Early life and career

Bates was born in 1967 in West London. He was raised in Teddington by his hairdresser mother and stepfather who worked as a builder. He dropped out of his mechanical engineering program at South Bank Polytechnic.

Bates’ first job was at the University of London as a network operator in the computer center where he worked from 1986 to 1992. During his time at the university, his commute was one hour by train each way. He capitalized on this commute time by teaching himself the C programming language and by learning UNIX through DEC manuals. Bates was fortunate to be involved in the early days of the Internet running the Arpanet gateways between the U.S. and the U.K. Bates helped transition the U.K. academic network JANET from the academic Coloured Book protocols to TCP/IP, helping to create the JANET IP Service (JIPS).

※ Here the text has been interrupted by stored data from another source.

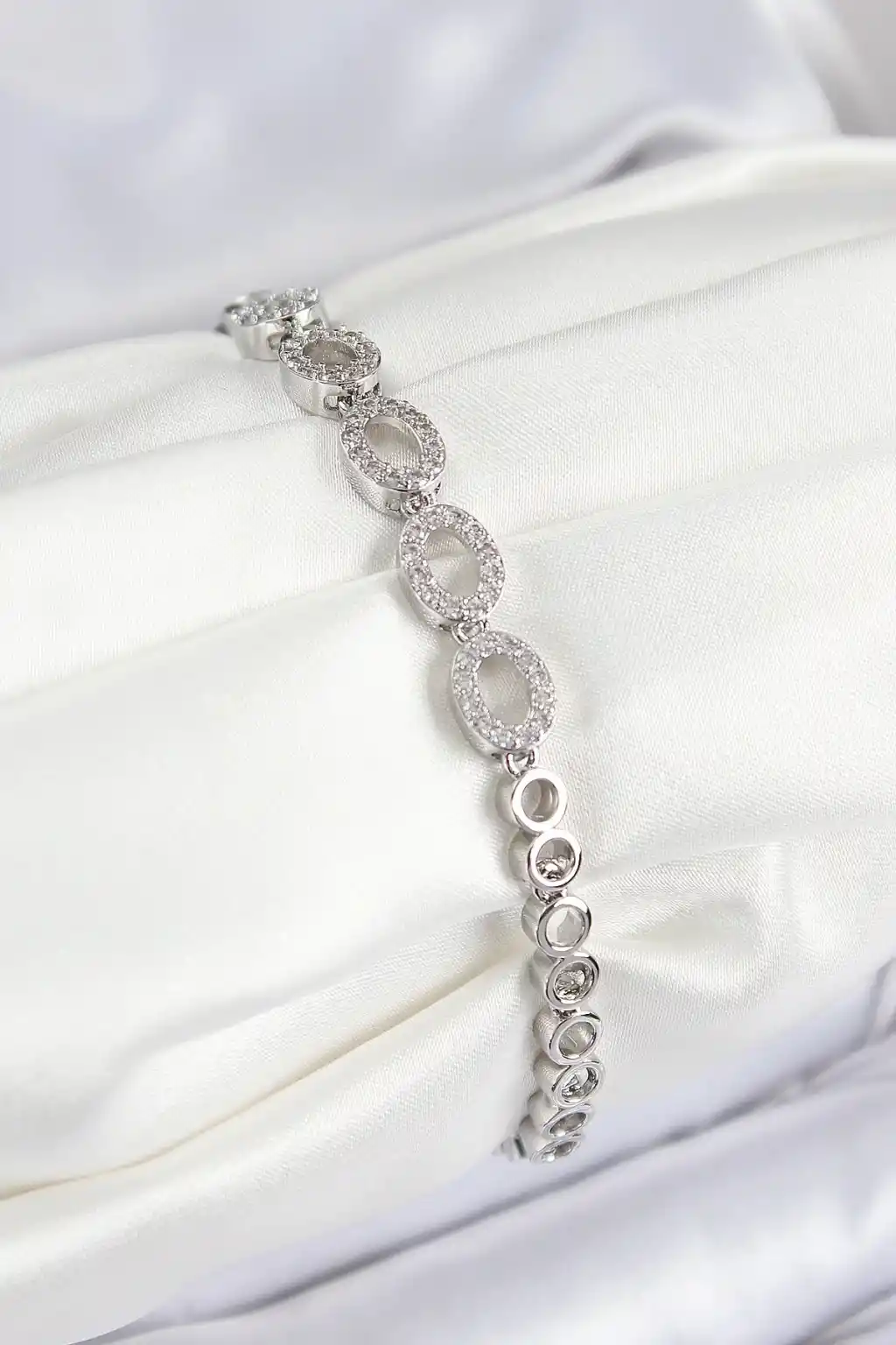 Pirinç Zirkon Taşlı Oval Model Gümüş Renk Kadın Bileklik
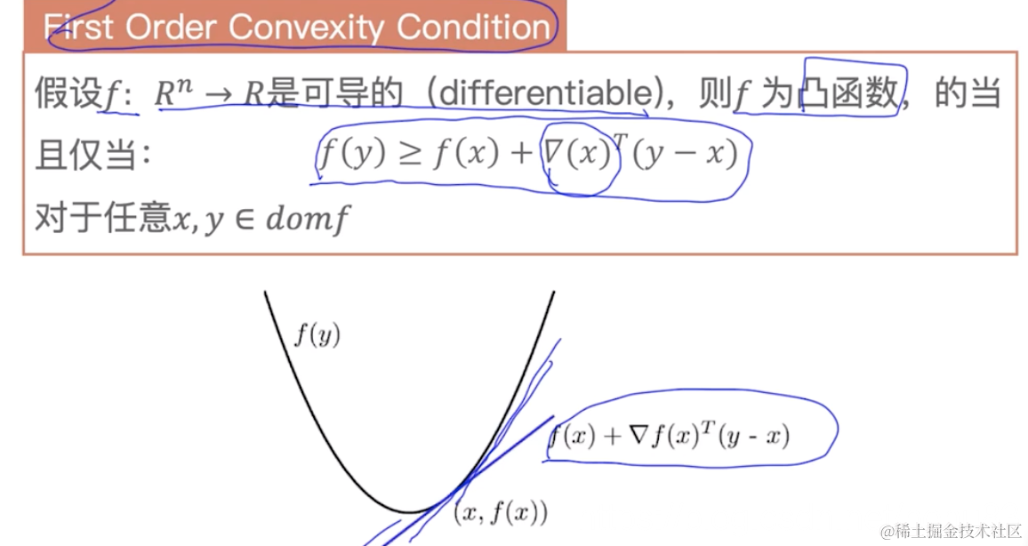 假设是可导的, 则f为凸函数, 当且仅当
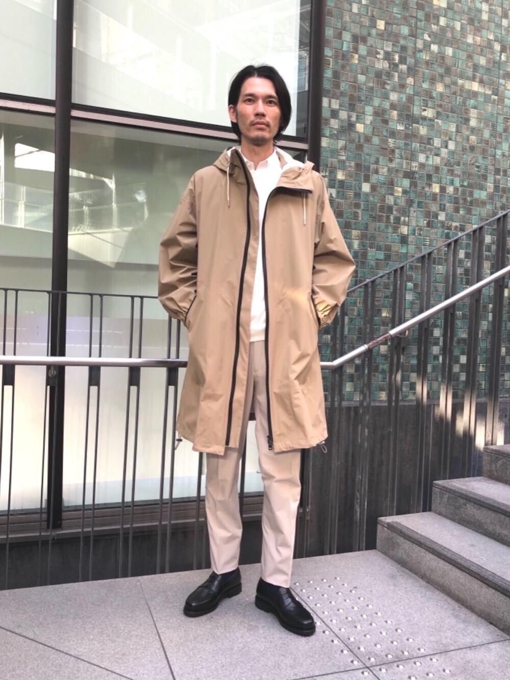 ユナイテッドアローズ別注マッキントッシュのコートはお仕事、カジュアルどちらの場面でも活躍するアイテムです。 足元は少しボリューム感のある黒色のローファー。 淡色系の色合わせの中に黒を入れることで、甘くなりすぎないスタイリングを意識しました。
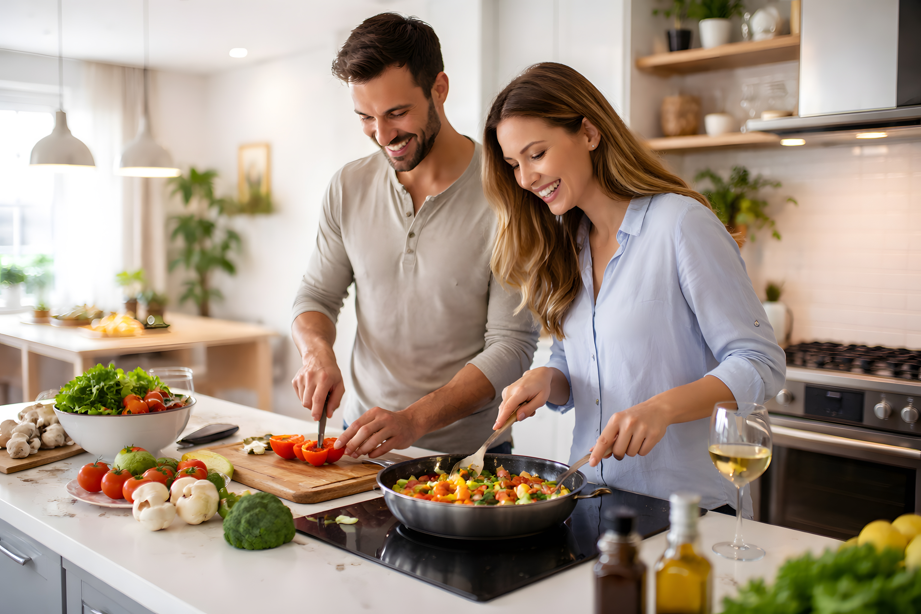 Auf diesem Foto sieht man ein junges, lächelndes Paar, das gemeinsam in einer modernen, hellen Küche kocht. Sie stehen am Küchentresen und schneiden frisches Gemüse wie Paprika, Tomaten und Blattsalat. Die Szene strahlt Gemeinschaft, Leichtigkeit und Freude am gemeinsamen Kochen aus. Die natürliche Beleuchtung und die moderne Einrichtung mit Holzelementen verleihen dem Bild einen warmen, wohnlichen Charakter. Diese Aufnahme könnte für Blogs, Social-Media-Kanäle oder Präsentationen rund um die Themen gesunde Ernährung, Kochen und Lifestyle verwendet werden.
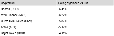 Voici les plus fortes baisses du top 100 des dernières 24 heures :
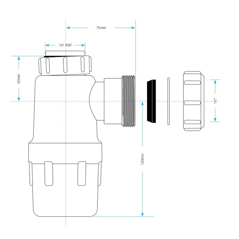 - Anti-Slip Ring: Equipped with an anti-slip ring, this bottle trap ensures secure installation, preventing leaks in bathroom sink waste and kitchen sink plumbing. Ideal for under sink pipe fittings and waste pipe seal applications.
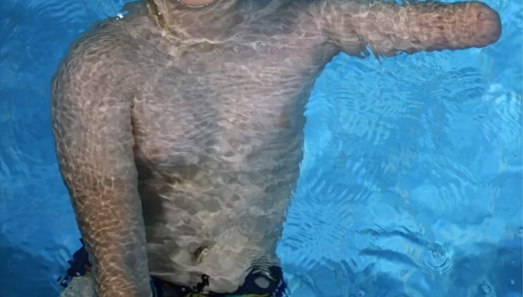 Tek koluyla evde ve okulda her işini kendisi gören, havuza girerken de hazırlıklarını yardım almadan yapan Muhammed Ali, bir yıldır antrenörü Erkan Altay gözetiminde haftanın 6 günü yüzme antrenman yapıyor.

He left the University of London Computer Centre in 1992 to work in Amsterdam on a Réseaux Associés pour la Recherche Européenne (RARE)-funded project as part of the RIPE NCC, an organization responsible for establishing the Europe IP registry and a number of operational standards for European networking. In 1994, he moved to Virginia, which at the time was considered the nexus of the Internet. He worked on the strategy and operation for the Internet MCI IP backbone.

Cisco 
Bates joined Cisco in 1996. He was employed at Cisco for more than 14 years and rose to senior vice president and general manager, heading up the enterprise, commercial and small business divisions.

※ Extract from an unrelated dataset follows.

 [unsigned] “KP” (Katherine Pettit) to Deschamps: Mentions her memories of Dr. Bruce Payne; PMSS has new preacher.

Although his primary function at Cisco remained dedicated to infrastructure, other opportunities arose that sparked his interest. Projects such as Cisco's integration with Scientific Atlanta gave him a glimpse of the user side of the Internet.

Skype

In a 2011 interview with Voice on the Web, Bates admitted that one of his personal goals was to become the CEO of a company before age 45. According to the story, he wrote three names on a piece of paper and Skype was one of them. Bates said that once he joined as CEO, a key engineer in Estonia asked him how long he had been using Skype. He said in 2004, and when they ran the details of his Skype ID to verify, the engineer admitted that Bates started using Skype before he had.

Bates was hired as CEO of Skype in October 2010. When Bates joined Skype, only 6.5 percent of its users paid to make calls from their computers to landline or mobile devices. He was looking for ways to monetize Skype and envisioned extending Skype beyond recreational and video calling. "The world previously looked very much like there was a business world and a consumer world," Bates said in 2010. "They’re blurring very quickly."

In 2010, Bates made plans to offer paid premium phone and video services such as group videoconferencing, call waiting and answering services.

Microsoft
By the time Microsoft bought Skype, Bates had grown the monthly Skype user base to 170 million connected users per month. When Skype was officially acquired by Microsoft for $8.5 billion in May 2011, Bates announced that he wanted to eventually reach 1 billion connected users on Skype.

As the president of the Skype Division, Bates focussed on extending Skype reach across key Microsoft products like Internet Explorer (August 2011), Bing (Skype Bing Reward and Bing Bar in February 2012), Windows 8 (October 2012), Windows Phone (November 2012), Outlook (January 2013), and most recently upgrading Windows Live Messenger with Skype. Continuing Bates’ mission to blur the lines between consumer and business communication which he branded "B2X" at the Lync 2013 Conference, he announced that Lync, Microsoft's business communication solution, would be connected to Skype, and announced that Skype/Lync connectivity was expected by the end of June 2013.  Microsoft also announced plans for video calling in Outlook.com and announced a preview version in April 2013. Another anticipated Skype/Microsoft collaboration is with Xbox, which Bates called a "gateway into the living room" in an interview with USA Today in 2012. Skype currently reports 300 million connected users.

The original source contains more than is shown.